The contradiction between the music and lyrics is artfully ironic and deserving of greater recognition. First single, It’s Different For Girls is toned down enough to hook people who might be otherwise put off by the band’s weird and wonderful nature.
The Depeche Mode-esque opener Let’s Relate and My Fair Lady are highlights. This is not Of Montreal’s best, nor is it the place to start with them, but after this many albums, it’s less about the album and more about expanding horizons.
The Amazing — Ambulance
They don’t have the eccentric (but commercial) kick or peculiar swoonsome-ness of their better known Swedish compatriots, Robyn and Lykki Li, but Swedish five-piece The Amazing are certainly intriguing.
Although frontman Christoffer Gunrup does seem intent on pushing his luck, being deliberately mysterious and going so far as to not take part in any kind of publicity and refusing to publish or explain his lyrics. So far, so prickly.
Ambulance, the band’s fourth record, however, is not so spiky. In fact, it’s languorous, gentle and thoughtful, with long tracks spooling into one another.
Through City Lights undulates and arcs with folky resonance; the largely instrumental Tracks builds, the slow burn of it catching you unawares — not that a real chorus ever emerges — while Blair Drager adds a harsher, bleaker note.
The problem is, if you set out to be an enigma, you can only hope to fail, it’s not something to be faked. A bit more clarity, a bit less bluster and The Amazing really would be just that.
A Grave With No Name — Wooden Mask
Wooden Mask is atmospheric; partly due to the reverberating guitars that permeate the entire production, and partly to the figurative titles of each song. The album starts out in a blacksmiths, with the sound of hammers clashing on anvils. Then, grungy guitars envelope Alexander Shields’ reedy, overdubbed vocals that tonally resemble Kevin Parker of Tame Impala.
Wooden Mask is counterpointed by an elegiac longing instead of psychedelia. The music is sedate and deliberate — music to meander down a misty valley on a longboat to. Storm hits 6 on the Beaufort scale, but falls just short of the catharsis you might hope for.

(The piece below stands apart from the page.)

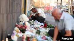 «Սուրմալու» առևտրի կենտրոնի տաղավարներն այսօր էլ փակ են, զոհերի գործընկերները եկել էին՝ ծաղիկներ խոնարհելու, խունկ ծխելու։

Pirouette is lyrically the strongest, in the classic, “I may be dancing, but I’m actually very sad” mould.
One or two songs sound like instruments tuning, but these serve to preface the album’s most impressive musical moments. Wooden Mask is compelling, glacial and evocative, but lacking any explosive release.
Elias Krantz — Lifelines
Elias Krantz’s new album Lifelines is held together by driving rhythms; without them the album’s two tracks, Patchwork and On Time, would, simply put, fall apart. Krantz’s decision to congeal the music into just two entities is brave, even admirable. He wages a valiant war against the current era of shortened attention spans limiting the imagination.
However, his effort to engage our full concentration in one lengthy experience falls flat.
There are complex, exuberant segments that give way with some grace to more minimalistic melodies, but these changes in intricacy simply serve to throw the listener off balance.
Just as your attention is absorbed by one section and you find yourself imagining scenarios that fit the soundscape, than it undergoes a dramatic shift.
The use of retro technology, such as analogue synthesizers and various tape recorders lend a sense of timelessness, but while the elements of the album’s production are a triumph, the overall changes in fullness mar what could have been a truly engaging creation.